> _Recorded information_:
*** Begin section ***

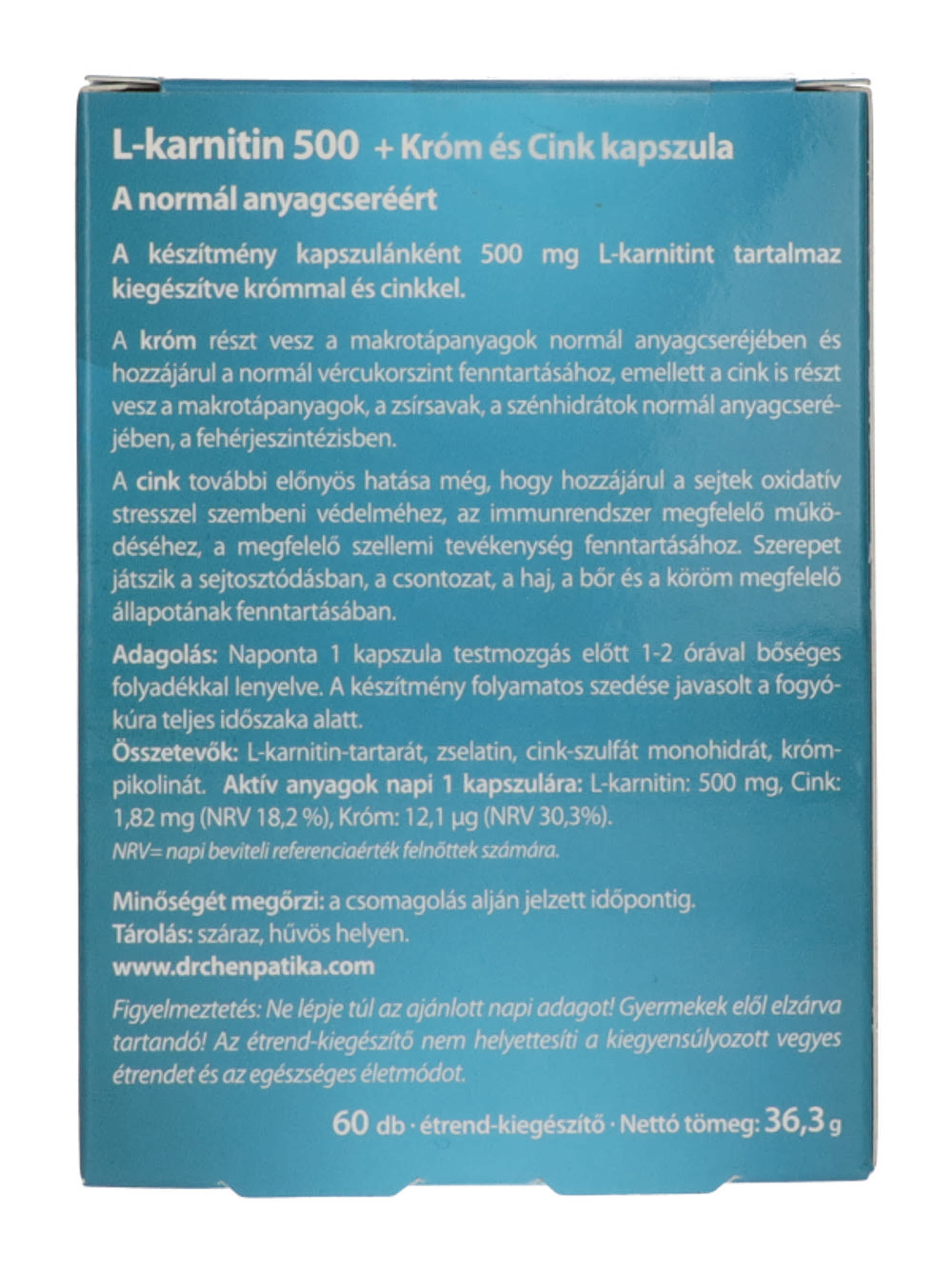 Dr. Chen Patika L-Karnitin 500 mg kapszula krómmal és cinkkel - 60 db
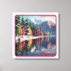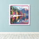 This vibrant winter scene captures a stunning mix of colourful, festively decorated trees lining a tranquil lake. Each tree, adorned in hues of pink, yellow, green, and orange, creates a magical reflection on the calm water, adding a pop of colour to the snowy landscape. Set against a backdrop of majestic mountains, this artwork beautifully contrasts winter’s serene whites with the lively colours of the holiday season, creating a joyful, enchanting view perfect for bringing warmth to winter decor.
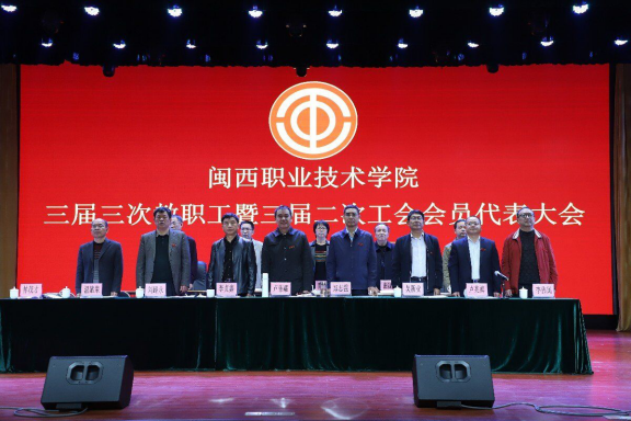12月24日下午,我校三届三次教职工代表大会暨三届二次工会会员代表大会在大匠堂召开。大会由副校长卢兆梅主持,校党委书记卢伟耀,校长郑志强,党委副书记李贞鑫,副校长吴新、教代会代表、列席人员参加了大会。
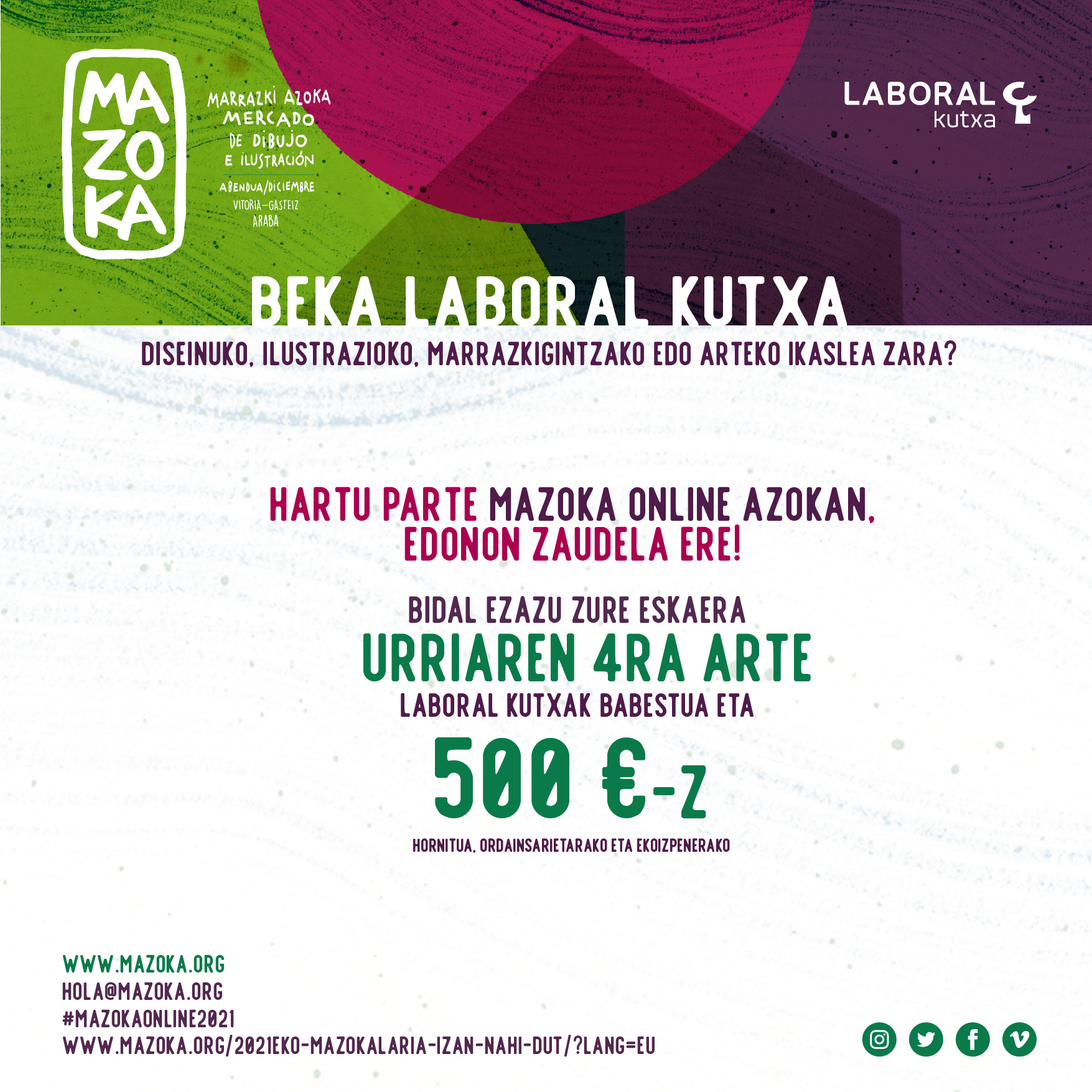 Laugarren urtez jarraian, jasotzen diren eta 2020-2021 edo 2021-2022 ikasturtean diseinuko, ilustrazioko, animazioko, marrazkigintzako edo arteko ikasle izatea ziurtatzen duten eskaeren artean, MAZOKALARI BAT hautatuko da, banakoa edo taldekoa. “bekikasle” Laboral Kutxa BEKAren irabazleak 500 € eramango ditu, ordainsarirako eta obra-ekoizpenerako.

*** End section ***

> _Work to be completed_: Make an exact copy of the lines from the top of the material through the line with "12月24日下午,我校三届三", pictures excluded.

> _Exercise response_:
 Dr. Chen Patika L-Karnitin 500 mg kapszula krómmal és cinkkel - 60 db
 This vibrant winter scene captures a stunning mix of colourful, festively decorated trees lining a tranquil lake. Each tree, adorned in hues of pink, yellow, green, and orange, creates a magical reflection on the calm water, adding a pop of colour to the snowy landscape. Set against a backdrop of majestic mountains, this artwork beautifully contrasts winter’s serene whites with the lively colours of the holiday season, creating a joyful, enchanting view perfect for bringing warmth to winter decor.
12月24日下午,我校三届三次教职工代表大会暨三届二次工会会员代表大会在大匠堂召开。大会由副校长卢兆梅主持,校党委书记卢伟耀,校长郑志强,党委副书记李贞鑫,副校长吴新、教代会代表、列席人员参加了大会。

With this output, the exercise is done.